Arrow-right Camera
The Spokesman-Review Newspaper
Spokane, Washington  Est. May 19, 1883

Al-Qaida leader charged at Guantanamo Bay

Former commander suspected in multiple attacks

Richard A. Serrano McClatchy-Tribune

FORT MEADE, Md. – After seven years in custody at Guantanamo Bay, a former top al-Qaida commander and confidant of Osama bin Laden was arraigned Wednesday by U.S. military authorities there, pushing his case into the troubled military tribunal system.

Abdul Hadi al-Iraqi faces non-capital murder charges for his suspected role in a series of high-profile terrorist attacks.
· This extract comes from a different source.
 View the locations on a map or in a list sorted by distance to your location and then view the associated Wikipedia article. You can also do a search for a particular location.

If convicted, he could be imprisoned for life.

Prosecutors say Hadi spent nearly two decades running al-Qaida training camps and orchestrating assaults in Pakistan and Afghanistan. They say he sat at bin Laden’s side when al-Qaida terrorists hijacked four U.S. passenger planes and killed nearly 3,000 people on Sept. 11, 2001.

Hadi appeared in court in a white turban and robe, stroking a long silvery beard and looking older than his 53 years.
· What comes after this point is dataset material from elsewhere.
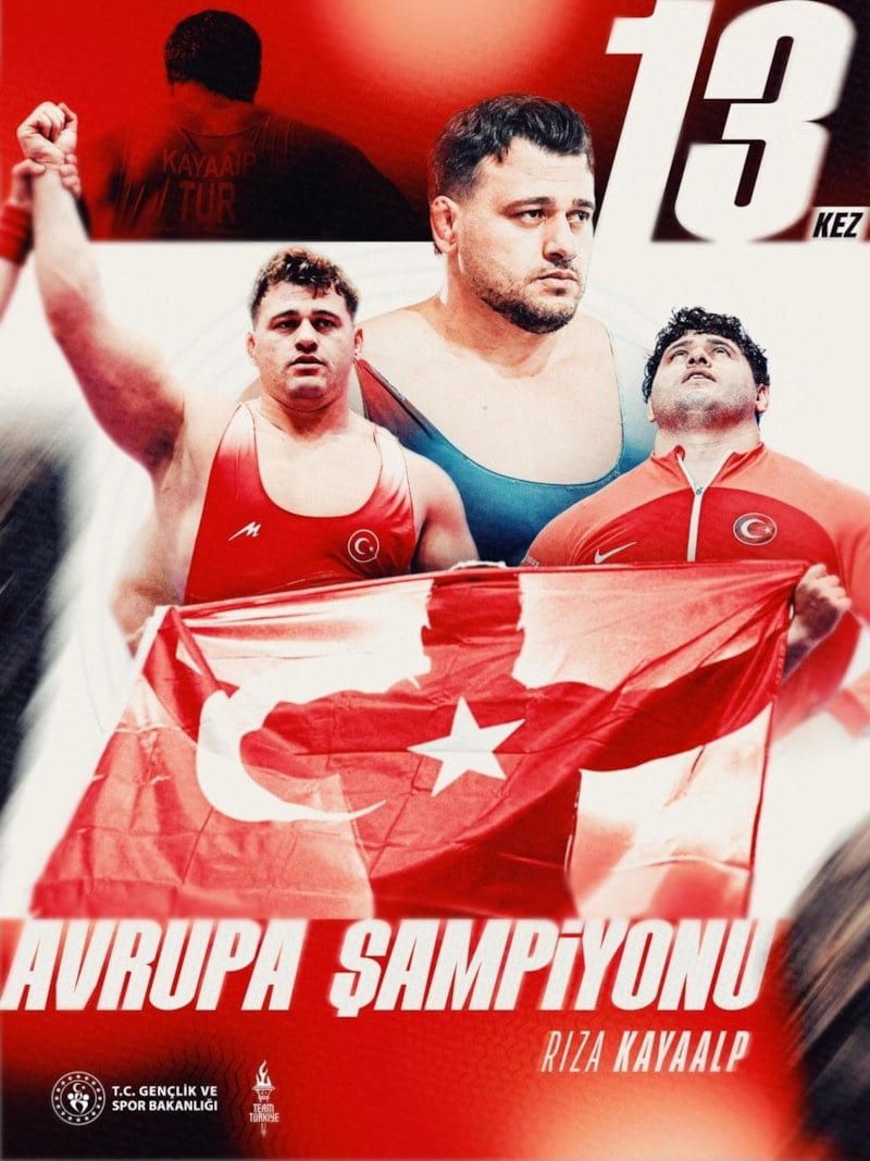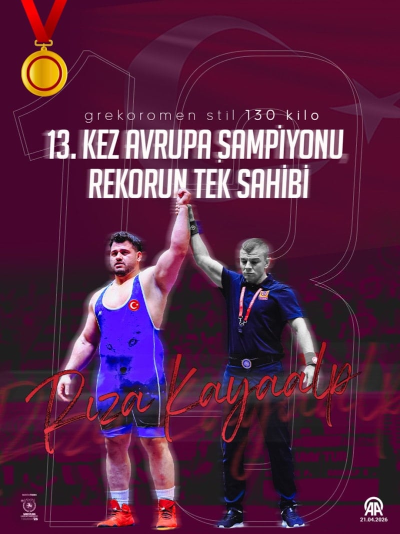 Milli sporcu Rıza Kayaalp, Avrupa şampiyonalarında 13 altın madalya kazanan ilk güreşçi ünvanını aldı. Rıza, Rus Aleksandr Karelin ile paylaştığı rekorun tek sahibi oldu.

He declined to enter a plea to the charges.

Speaking in Arabic, he complained that one of his attorneys was leaving the case and demanded a replacement. The judge, Navy Capt. J. Kirk Waits, granted his request.

Hadi is considered a high-value detainee, and the military’s 14-page charge sheet alleges he played a role in 63 separate acts of terrorism as he rose through al-Qaida’s ranks.

A man of many aliases, he oversaw suicide bombings, roadside attacks by improvised bombs, and other campaigns in which he swore “there shall be no survivors,” the document says.

Hadi is believed to have taken over al-Qaida’s Al Farouk training camp in eastern Afghanistan in 1996. He became bin Laden’s liaison to the Afghan Taliban as they rose to power, and later was assigned by bin Laden to run al-Qaida’s insurgency in Iraq after the U.S.-led invasion in 2003, the charge sheet says.

Prosecutors say Hadi met repeatedly with bin Laden in the early summer of 2001 to discuss the coming assaults on New York and the Pentagon.

Hadi is the 12th prisoner at the U.S. military prison at Guantanamo Bay, Cuba, to be charged under the Obama administration.